Ingo Blees (DIPF) und Gianna Scharnberg (Uni Duisburg-Essen)

Mittwoch, 25. Februar 2015, 14:00 - 14:45 Uhr, Convention Center Saal 112
Mathematikunterricht in Deutschland und anderswo – Lehren aus PISA
Was kann der Mathematikunterricht in Deutschland von internationalen Schulleistungsvergleichsstudien wie PISA lernen? Vergleichsstudien haben seit einigen Jahren großen Einfluss auf Bildungspolitik und Schulalltag. Zugleich liefern die Ergebnisse dieser Studien detaillierte Informationen über kulturelle Unterschiede in den Bildungssystemen. Dr. Susanne Kuger, wissenschaftliche Mitarbeiterin am DIPF und Koordinatorin bei PISA 2015, greift in ihrem Vortrag die Frage nach kulturellen Mustern des Mathematikunterrichts auf und untersucht sie anhand der Daten aus PISA 2012. Die Analyse von Gemeinsamkeiten und Unterschieden verschiedener Beschreibungszugänge von Unterricht in elf Ländern weltweit bildet dabei den Kern ihrer Analyse. Die anschließende Diskussion bietet Gelegenheit ins Gespräch zu kommen, wie Schülerleistungen durch bestimmte Merkmale des Mathematikunterrichts beeinflusst werden.
Dr. Susanne Kuger (DIPF)

Samstag, 28. Februar 2015, 13:45 bis 15:00 Uhr, Diskussion im Rahmen des "Forum Bildung"
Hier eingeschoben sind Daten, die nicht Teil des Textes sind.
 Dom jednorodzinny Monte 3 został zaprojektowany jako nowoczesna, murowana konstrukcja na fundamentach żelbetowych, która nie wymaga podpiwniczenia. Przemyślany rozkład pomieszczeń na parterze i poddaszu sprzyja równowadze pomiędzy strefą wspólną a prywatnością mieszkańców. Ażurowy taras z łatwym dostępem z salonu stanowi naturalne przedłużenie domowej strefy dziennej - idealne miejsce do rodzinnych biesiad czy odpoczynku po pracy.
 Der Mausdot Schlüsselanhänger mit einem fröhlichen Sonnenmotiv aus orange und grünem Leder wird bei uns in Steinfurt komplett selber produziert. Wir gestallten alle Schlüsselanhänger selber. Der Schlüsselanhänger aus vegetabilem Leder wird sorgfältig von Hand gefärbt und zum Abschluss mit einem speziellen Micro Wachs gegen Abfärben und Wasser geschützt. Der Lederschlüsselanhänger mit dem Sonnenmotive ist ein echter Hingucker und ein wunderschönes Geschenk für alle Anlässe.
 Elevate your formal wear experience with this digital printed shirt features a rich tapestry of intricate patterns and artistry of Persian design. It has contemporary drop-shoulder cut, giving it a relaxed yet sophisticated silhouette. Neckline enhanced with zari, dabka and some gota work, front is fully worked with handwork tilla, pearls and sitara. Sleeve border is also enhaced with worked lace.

Forum Bildung: Schulautonomie in der Praxis - Gängelung und Testeritis statt pädagogischer Freiheit?
Die Politik hat sich die Schulautonomie auf die Fahne geschrieben: Schulen sollen sich möglichst selbständig organisieren, verwalten und inhaltlich profilieren. Sie sollen sich eigenständig entwickeln, um ihre Schüler/-innen individuell bestmöglich zu unterstützen. Andererseits werden die Schulen durch ein enges Korsett von Vorschriften, Vergleichsarbeiten, Tests und vielem mehr eingeengt, bemängeln Lehrkräfte und Schulleiter. Warum hält die Politik an der Dualität von Freiheit und Einflussnahme fest? Ist die Schulautonomie nur eine scheinbare?
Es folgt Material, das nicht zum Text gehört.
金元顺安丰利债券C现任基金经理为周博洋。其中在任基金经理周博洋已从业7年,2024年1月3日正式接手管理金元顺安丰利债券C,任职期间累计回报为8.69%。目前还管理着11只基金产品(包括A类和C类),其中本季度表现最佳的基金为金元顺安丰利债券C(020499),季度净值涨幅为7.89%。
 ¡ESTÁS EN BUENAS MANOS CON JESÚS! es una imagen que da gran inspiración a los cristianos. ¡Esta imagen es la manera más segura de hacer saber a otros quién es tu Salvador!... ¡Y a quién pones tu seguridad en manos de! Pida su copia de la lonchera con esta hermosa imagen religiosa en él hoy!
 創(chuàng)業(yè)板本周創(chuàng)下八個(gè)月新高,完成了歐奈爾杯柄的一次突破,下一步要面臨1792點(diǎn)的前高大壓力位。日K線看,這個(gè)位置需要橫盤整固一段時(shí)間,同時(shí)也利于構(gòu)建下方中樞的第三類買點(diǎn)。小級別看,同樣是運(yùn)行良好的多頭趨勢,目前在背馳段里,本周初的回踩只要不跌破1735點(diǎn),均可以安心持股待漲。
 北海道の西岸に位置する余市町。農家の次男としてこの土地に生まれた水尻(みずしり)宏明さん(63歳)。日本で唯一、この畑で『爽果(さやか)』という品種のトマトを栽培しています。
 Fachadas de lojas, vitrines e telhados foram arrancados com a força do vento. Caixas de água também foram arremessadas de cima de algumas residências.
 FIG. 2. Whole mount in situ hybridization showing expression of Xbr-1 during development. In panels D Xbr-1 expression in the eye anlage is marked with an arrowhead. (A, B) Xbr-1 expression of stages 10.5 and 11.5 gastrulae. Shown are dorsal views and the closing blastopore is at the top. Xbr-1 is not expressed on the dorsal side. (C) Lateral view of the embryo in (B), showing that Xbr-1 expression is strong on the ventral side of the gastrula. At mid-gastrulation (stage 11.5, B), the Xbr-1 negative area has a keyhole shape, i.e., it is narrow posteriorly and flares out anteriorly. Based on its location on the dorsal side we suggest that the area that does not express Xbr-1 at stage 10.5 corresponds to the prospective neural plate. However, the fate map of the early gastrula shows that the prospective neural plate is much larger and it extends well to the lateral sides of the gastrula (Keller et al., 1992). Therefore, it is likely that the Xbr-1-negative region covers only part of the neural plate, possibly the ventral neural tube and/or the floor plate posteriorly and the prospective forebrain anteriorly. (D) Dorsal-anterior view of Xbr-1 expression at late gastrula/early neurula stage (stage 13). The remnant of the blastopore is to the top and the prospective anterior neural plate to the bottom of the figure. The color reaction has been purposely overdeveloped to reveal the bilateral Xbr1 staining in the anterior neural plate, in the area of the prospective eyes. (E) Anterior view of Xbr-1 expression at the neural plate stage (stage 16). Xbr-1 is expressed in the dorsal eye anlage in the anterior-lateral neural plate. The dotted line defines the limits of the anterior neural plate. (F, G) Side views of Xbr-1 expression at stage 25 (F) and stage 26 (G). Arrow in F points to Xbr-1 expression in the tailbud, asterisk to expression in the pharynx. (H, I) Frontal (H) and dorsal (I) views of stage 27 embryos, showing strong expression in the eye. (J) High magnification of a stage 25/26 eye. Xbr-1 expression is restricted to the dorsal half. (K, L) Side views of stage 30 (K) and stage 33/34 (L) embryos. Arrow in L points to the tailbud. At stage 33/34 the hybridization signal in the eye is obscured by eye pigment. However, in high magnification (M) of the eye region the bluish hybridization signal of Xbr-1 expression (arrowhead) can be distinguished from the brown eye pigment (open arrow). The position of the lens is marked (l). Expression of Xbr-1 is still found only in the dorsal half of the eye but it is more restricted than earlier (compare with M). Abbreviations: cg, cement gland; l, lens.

Prof. Dr. Eckhard Klieme (DIPF), Udo Beckmann (VBE), Ludwig Hecke, Staatssekretär im Ministerium für Schule und Weiterbildung des Landes Nordrhein-Westfalen

Samstag, 28. Februar 2015, 16:00 - 16:45 Uhr, Convention Center Saal 108/109/110
Wohlbefinden in der Schule: Ein Thema auch für PISA?!
Schule ist mehr als Leistung. Sie muss und will Lernfreude, soziale Einbindung und emotionales Wohlbefinden fördern. Oft hört man: Pisa zerstört diese Seite von Schule. Tatsächlich untersucht Pisa auch soziale und emotionale Aspekte des Lernens und zeigt, dass schwache Schüler nicht nur kognitive Förderung, sondern auch soziale Einbindung brauchen.